Im Zuge des Streckenausbaus Köln-Düren wurde im „Jahr der Behinderten“ 2003 der Bahnhof Ehrenfeld (über 300 Züge und S-Bahnen pro Tag) komplett neu gebaut. Erwartungen auf wenigstens zufrieden stellende Barrierefreiheit wurden enttäuscht: Zwar weisen die Aufgänge an der Venloer Straße je einen kleinen Aufzug auf, doch die beiden Zugänge am Ehrenfeldgürtel haben nur Treppen. An diesen Ausgängen, die von fast der Hälfte der Reisenden benutzt werden und die als Umsteigewege in Bus und Linie 13 ausgeschildert sind, kann man täglich beobachten, wie Koffer, Rollstühle, Kinderwagen, Fahrräder und Kleinkinder über die 48 beziehungsweise 49 Stufen getragen werden und sich ältere und gehbehinderte Menschen an den Treppen abmühen. Die Barriere entspricht hier einem dreistöckigen Haus! Nicht einmal Aussparungen in der neu gegossenen Betondecke zur späteren Nachrüstung hat man vorgesehen. Auch keine Fahrradrillen an den Treppen.

Vermutlich gilt der Bahnhof Ehrenfeld offiziell als barrierefrei, da sich ja am anderen Ende (225 Meter Luftlinie entfernt) die besagten beiden Aufzüge befinden.

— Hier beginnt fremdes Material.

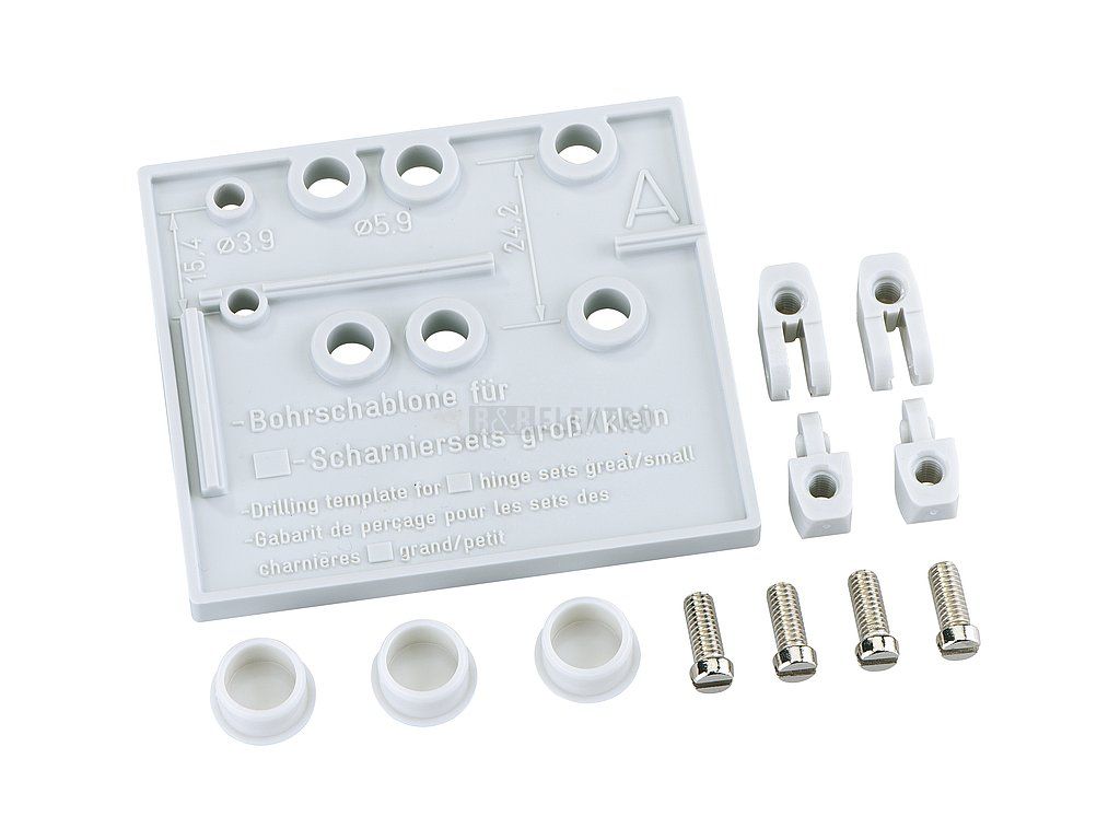 Sada vnějších závěsů pro přestavbu víka skříně na vyklápěcí dveře, včetně 2 závěsů, upevňovacích šroubů, záslepek a vrtací šablony

Welch ein Hohn für Menschen mit Gepäck oder Behinderung – als sei das eine Alternative (zumal nirgendwo angezeigt wird, dass sich dort Aufzüge befinden).

Auf meine Nachfrage bei der Stadt Köln hieß es, die Deutsche Bahn AG sei ein Privatunternehmen, daher habe man beim Bau keine Auflagen machen können. So baut also dieses „Privatunternehmen“, dessen Aktien zu 100 % dem Staat gehören, mit Steuergeldern nach eigenem Gutdünken und gießt für die nächsten Jahrzehnte Ausbaustandards in Beton, die mir Angst vor meinem eigenen Altwerden machen. Und entlarvt die schönen Worte vom „barrierefreien Zugang zu Verkehrsanlagen für alle“ (Leitbild Köln 2020) als leeres Geschwätz.